Risk and Feasibility Assessment

"The demo worked perfectly. Then we tried it on real data and discovered that 'summarize this document' is not one problem but forty-seven problems wearing a trench coat."

Deploy, Trench Coat Detecting AI Agent

1. Why Feasibility Comes First

Traditional software product design follows a familiar sequence: identify the user need, design the feature, estimate the engineering effort, build it. Feasibility is rarely in doubt because the relationship between specification and implementation is predictable. If you can describe the business logic precisely, a competent team can implement it.

AI changes this assumption at its root. The relationship between specification and implementation is probabilistic. You can describe "summarize this document accurately" with perfect clarity, but whether a model can actually do it depends on the document type, the required accuracy threshold, the domain vocabulary, the length distribution, and a dozen other variables that you cannot determine from the specification alone. A feature that works flawlessly on blog posts may hallucinate critical details when applied to medical discharge summaries.

This means feasibility assessment must move from the middle of the product cycle (where it lives in traditional development) to the very beginning. You must verify that the AI can do what you need it to do before you commit to building the product around it.

2. Error Tolerance as a Design Constraint

Not all errors are created equal. A writing assistant that occasionally suggests an awkward phrase is mildly annoying.
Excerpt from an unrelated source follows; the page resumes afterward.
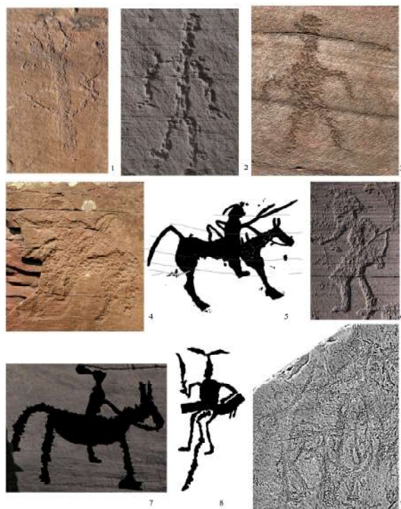
Рис. 2. Варианты оформления голов у антропоморфных персонажей тесинского времени. 1, 9 – плиты тагарских курганов Тепсейского могильника (рендер 3D-модели, выполненной лабораторией RSSDA); 2 – Тепсей III; 3, 6 – Усть-Туба; 4, 7 – Тепсей II; 5 – Лынищенская писаница (по: Миклашевич 2012); 8 – курган Туранского могильника

A medical triage system that misclassifies a chest pain case is potentially lethal. A financial approval system that incorrectly greenlights a fraudulent transaction costs real money. The acceptable error rate for an AI feature is not a technical parameter; it is a product design constraint that must be set before any model selection or prompt engineering begins.

The following table provides a starting framework for thinking about error tolerance across domains. These are not rigid thresholds; they are conversation starters that force product teams to make the implicit explicit.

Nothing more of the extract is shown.